- **WHAT THE EXERCISE ASKS**
What you return must match the listing below exactly, minus any pictures.

- **GIVEN DATA**
○ ○ ○ ○ ○

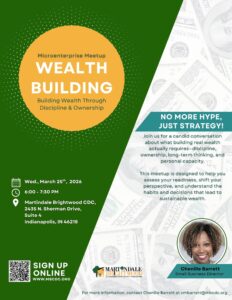 Join Martindale Brightwood CDC for the Microenterprise Meetup, a recurring gathering designed to connect small business owners, aspiring entrepreneurs, and community members interested in building sustainable businesses and long-term wealth.
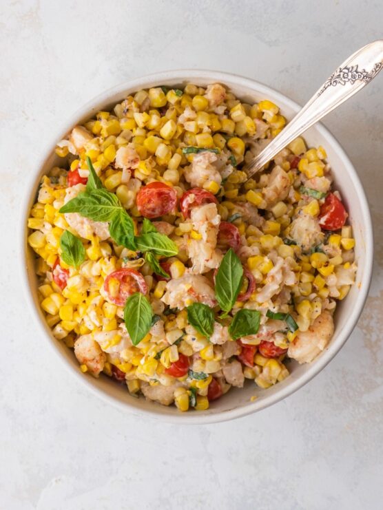 Sweet grilled corn and smoky shrimp create a summery combination that’s light but surprisingly substantial. The char on both the shrimp and corn adds depth of flavor that elevates simple ingredients.
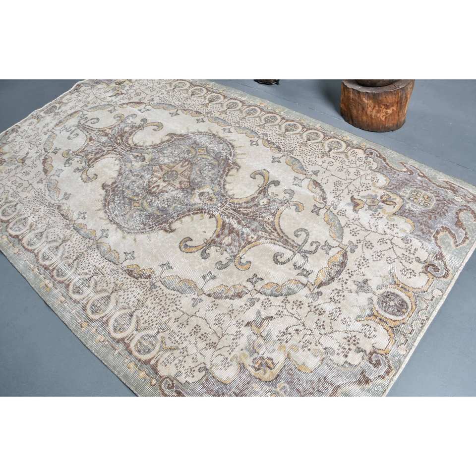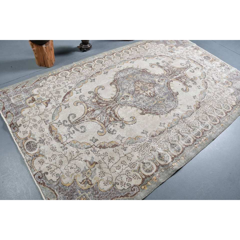 Vintage Turkish Rug Large Area 5.2 X 8.6 ft Beige Brown Patchwork Pattern Wool Material Latex Backing Style Tabriz for Teens
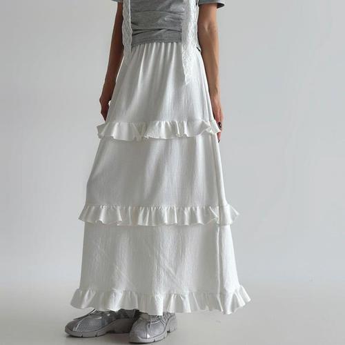 [다잇템]여자 프릴 시즌리스 클래식 티어드 롱스커트

○ ○ ○ ○ ○

- **SOLUTION FOR THIS TASK**
 Join Martindale Brightwood CDC for the Microenterprise Meetup, a recurring gathering designed to connect small business owners, aspiring entrepreneurs, and community members interested in building sustainable businesses and long-term wealth.
 Sweet grilled corn and smoky shrimp create a summery combination that’s light but surprisingly substantial. The char on both the shrimp and corn adds depth of flavor that elevates simple ingredients.
 Vintage Turkish Rug Large Area 5.2 X 8.6 ft Beige Brown Patchwork Pattern Wool Material Latex Backing Style Tabriz for Teens
 [다잇템]여자 프릴 시즌리스 클래식 티어드 롱스커트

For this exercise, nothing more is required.